Wow! What a piece of work.

Collins hooks me, reels me in, and then proceeds to whack me right between the eyes with the final couplet. I never saw it coming.

The hook

I can see them standing politely on the wide pages that I was still learning to turn

"Them" of course is "Jane in a blue jumper, Dick with his crayon brown hair."

Why am I hooked right here? Because the memory of learning to read in the 1st grade with the Dick and Jane readers is one of the most profound, maybe the most profound, memories of my entire childhood. To this day I can feel the intense, surprising joy I felt when I realized that I was reading. I could read! Me! Right there with those words "on the wide pages." How absolutely incredible.

The reeling in.

…even before I would read about Adam and Eve, garden and gate, and before I heard the name Gutenberg, the type of their simple talk was moving into my focusing eyes. It was always Saturday…

Yes! For me Dick and Jane comes before everything else. Learning to read with those two and their friends in the town is the point 0.0 on my personal knowledge acquisition timeline. Yes, I learned things before, important things, too--learning to walk, to talk, to skate, to tie my shoes and so on--but learning to read was the inception point to something else entirely. Or as Collins puts it:

"…now it was time to discover the infinite, clicking permutations of the alphabet’s small and capital letters."

I can vividly remember coming home that day I learned to read and excitedly telling my Mom and Dad about it and then that same evening1 my dad did something that totally blew my mind 6 year old mindd&#mdash;He took me to our town's public library. Unbelievable! I'll never forget the smell, and to this day the smell of a library warms me with nostalgia and a feeling of "always Saturday" where possibility stretches out towards infinity. And, of course, the books. The books! And, as the librarian showed my dad and me, a whole section just for beginning readers like myself. Unbelievable! I signed out 3 books that evening and read them over and over and over whenever and wherever I had a chance, including at the breakfast table where one morning I accidentally smeared some jam on one of the pages and had a near panic attack that I'd be banished from the library when my act of malfeasance was discovered. As it goes, my mom was able to remove the stickiness, if not the raspberry red stain, and I returned those 3 and signed out another 3 and on and on it has gone ever since.
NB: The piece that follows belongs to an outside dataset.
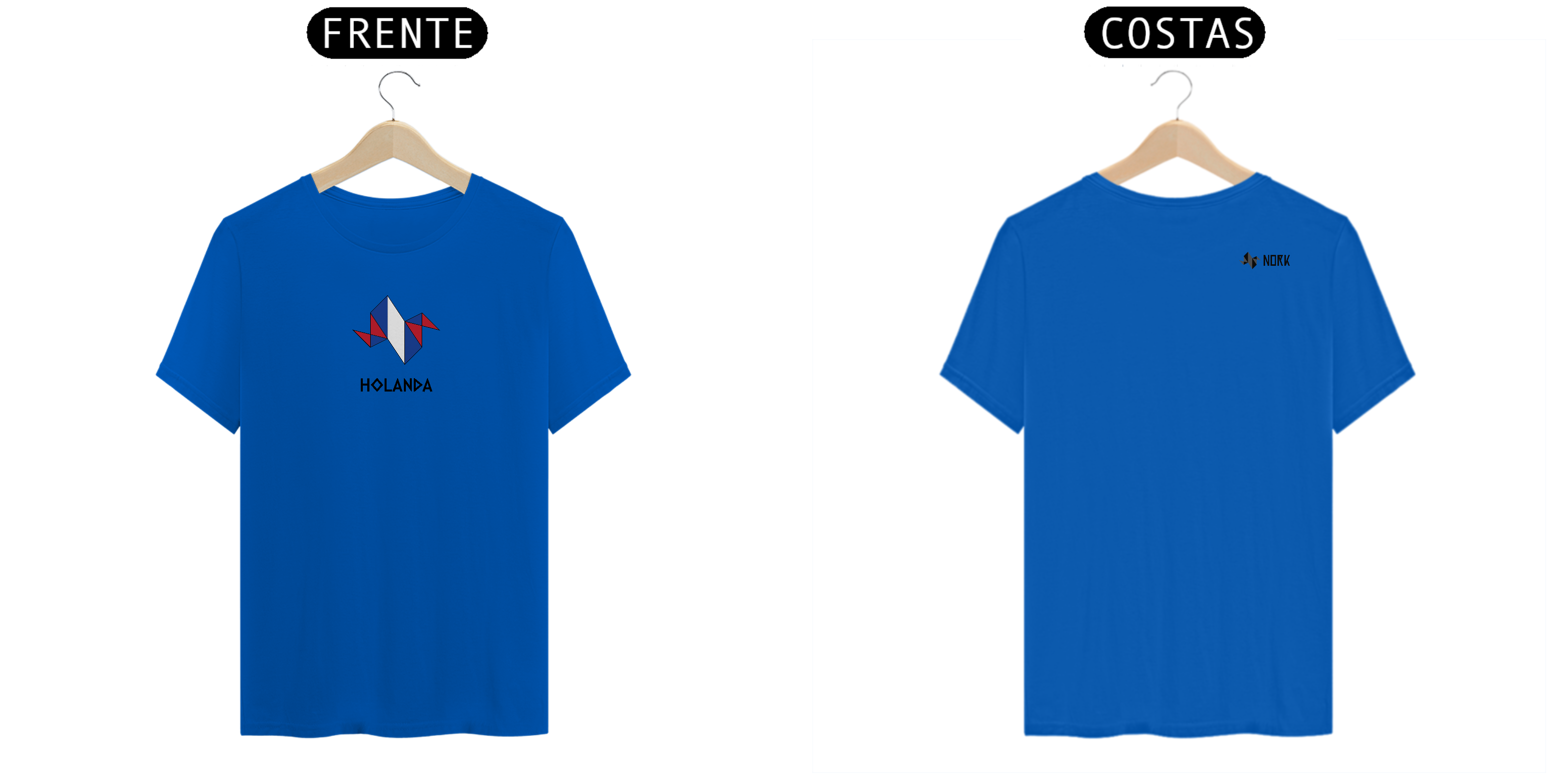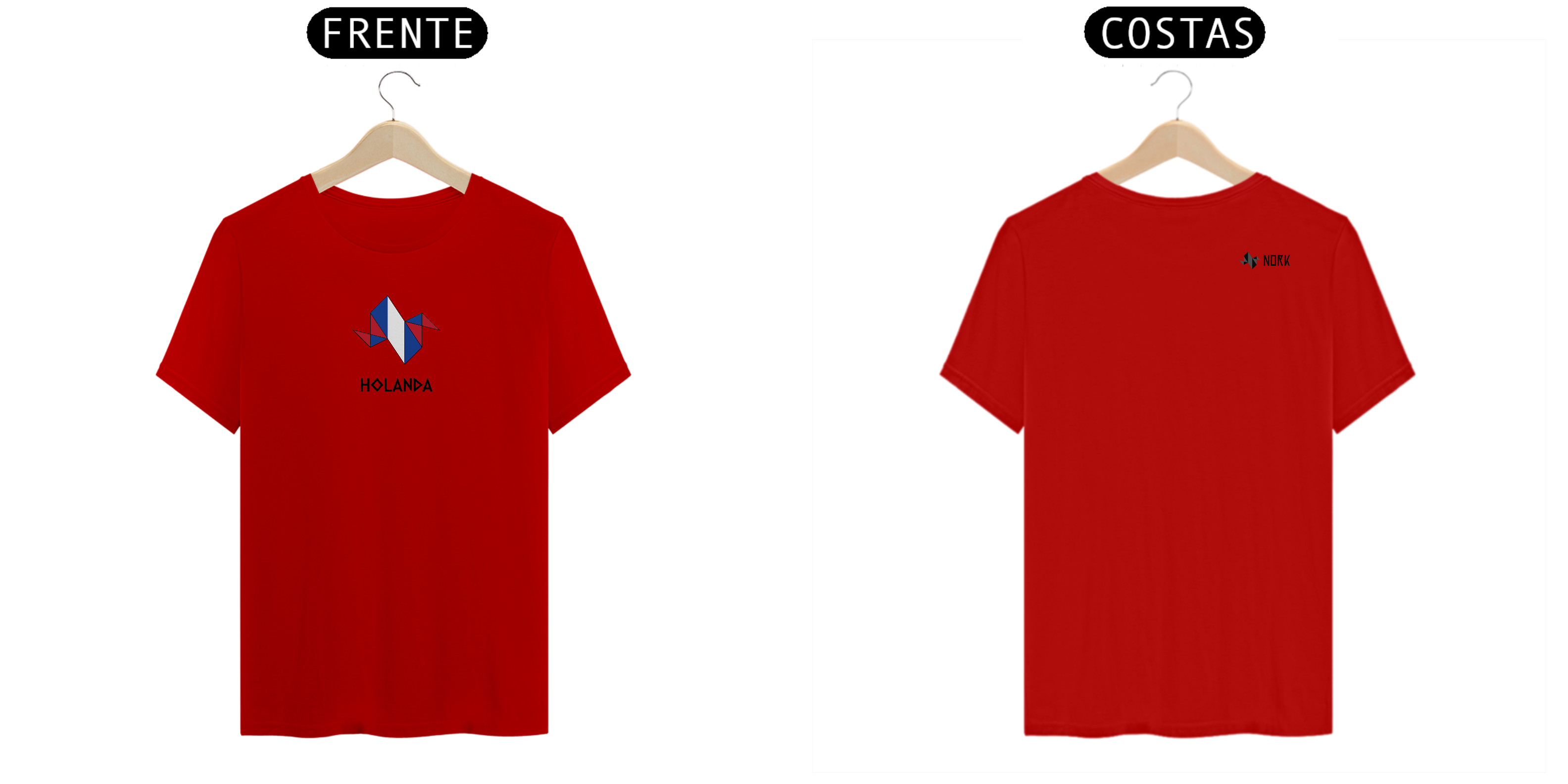 A estampa apresenta a logo da Nork em formato de origami, estilizada com as cores da bandeira da Holanda: vermelho, branco e azul. O design geométrico reflete a modernidade e a sofisticação do país, remetendo à sua rica história e tradição. A palavra "HOLANDA", em uma tipografia angular e marcante, complementa o visual, destacando a força e o orgulho nacional de forma contemporânea.

I love reading. And being left alone with plenty of time and a book I can't put down I count as one of the greatest pleasures of life. Ah, but there's the rub...

The whacking on the head.

Alphabetical ourselves in the rows of classroom desks, we were forgetting how to look, learning how to read.

Whack! How many times have I forgot to look, forgot to live, because I was head down in a book? It's like I read somewhere by someone I can't remember whom said something like, "You don't want to be the poet, you want to be the guy leading the life the poets write about."

So I've been thinking that over all weekend, and I doubt I'll ever sit down with a book, or as it goes these days, my Kindle, and not think about this "First Reader" poem by Billy Collins and its admonishment about "forgetting how to look."

What a great poem.


Notes
1 In my memory it is the same evening, but it very well could have been a few days or even a few weeks after that initial inflection point of learning to read in 1st grade. And now that I think of it, it had to have been spring because the days were long enough that it was still light, twilight but light, as I recall, when my dad and I walked into the library that first time together. As an overachiever I want to say I learned to read in the fall of first grade rather than at the end of term in the spring, but who knows? My memory suggests both occurred in spring.